The growing gap between the rich and poor in the United States could have repercussions on democracy, a law professor says.
Income inequality not only threatens democracy, it goes against the founding principles of America, said Ganesh Sitaraman, assistant professor of law at Vanderbilt Law School and author of "The Crisis of the Middle Class Constitution: Why Economic Inequality Threatens Our Republic."
When the U.S. was founded, it was a radically egalitarian society for the era, Sitaraman explained.
"There’s actually some economic historians who’ve gone back and collected data on this time period. And what they find is that in 1774, right on the cusp of the American Revolution — and even including slavery — America was the most equal place in the world, and, in fact, was more equal than America is today," Sitaraman said.
Unlike Europe, America had no feudalism or aristocracy, but it did have the option for people to become landowners and independent farmers, Sitaraman said.
Founders and governments have worried "that the rich would oppress the poor, or that the poor would try to confiscate the wealth of the rich" through revolution, Sitaraman said, and America's founding fathers were no exception.
But America’s founders believed the country’s egalitarian society would continue throughout history and they built the government to reflect that belief. So while other governments have historically dealt with this worry over government devolving into oligarchy or revolutionary chaos, the U.S. has not, the law professor said.
But that doesn't mean the U.S. hasn't had its struggles, Sitaraman said.
In the Gilded Age in the late 19th century, there was a huge shift in the U.S. economy from agriculture to industrialism. People moved to cities to work in factories and the possibility of becoming a member of the middle class through land ownership vanished. Corporations and their shareholders had a greater share in wealth.
During this shift, people were worried the increasing wealth gap would threaten democracy as the wealthy gained more influence, and bribery became rampant at both the state and federal level.
"Progressives and populists tried to take action to change our constitutional system and our economic system in order to revive the basic understanding of what it meant to have a representative democracy," Sitaraman said.

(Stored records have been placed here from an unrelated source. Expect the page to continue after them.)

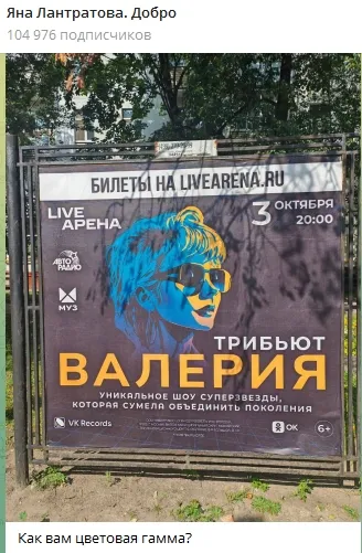 Ранее депутат Лантратова опубликовала в своём Telegram-канале выдержанной в «неприятельских» тонах снимок афиши концерта Валерии в Москве с подписью: «Как вам цветовая гамма?»
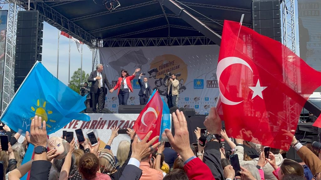 İYİ Parti Lideri Meral Akşener’in konuşmasından sonra ekonominin başına geleceğini, 30 yıldır AB’de yaşamasına rağmen vatandaşlık almamış bir Türk vatandaşı diye ifade ettiği Bilge Yılmaz’ı tanıttı.
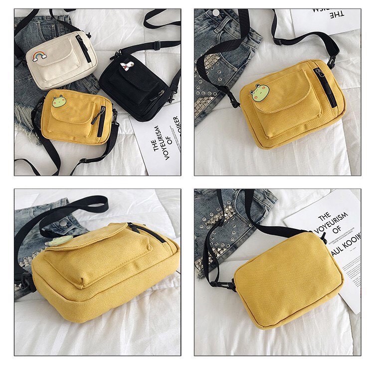 Giới thiệu [TẶNG HUY HIỆU] Túi vải đeo chéo canvas đựng đồ đeo vai thời trang giá rẻ có khóa ngăn phụ ngoài
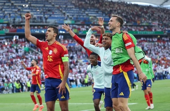 7月5日,西班牙隊(duì)球員賽后慶祝比賽勝利。新華社記者 白雪飛 攝
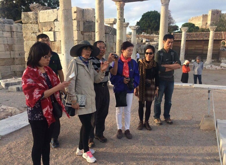 Fahre nach Ephesus und besuche die antike Stadt Ephesus. Dort spazierst du durch die Geschichte, entlang von Marmorstraßen, die von wunderbaren öffentlichen Gebäuden wie den Thermen der Scholastika, der Bibliothek des Celsus, dem Hadrianstempel und dem Theater gesäumt sind. Später fahren wir zum Haus der Jungfrau Maria, wo sie ihre letzten Tage verbrachte und die Himmelfahrt stattfand. Danach besuchst du die Johannes-Basilika und den Artemis-Tempel, eines der sieben Weltwunder der Antike. Übernachtung in Kusadasi.

That meant reforms: including antitrust laws; the passage of the 16th Amendment, which established a federal income tax; the passage of the 17th Amendment, which established the popular election of U.S. senators, instead of state legislatures’ electing the senators; the first campaign finance regulations; and more.
"Those changes were designed to create both an economic democracy and a political democracy, and they were largely successful," Sitaraman said.
Sitaraman said these reforms helped usher in an era of economic prosperity and growth after World War II.
But today, the U.S. is less egalitarian than ever before, Sitaraman said. He argued that although post-WWII America saw policies that helped grow the middle class like the GI Bill, things changed in the 1970s and '80s.
"We really moved in a different direction in terms of policy," such as deregulating businesses and cutting taxes for the wealthy, Sitaraman said.
Those policies led to increasing inequality, and ultimately the crash of 2008 and the Great Recession, Sitaraman said. And now income inequality is at levels it hasn’t been at since the Great Depression, he said.
"This is the real constitutional crisis that we face right now, and it’s one that can’t be solved in one year, or with one Congress or one bill. It’s something that’s gonna take a long time for us to work through."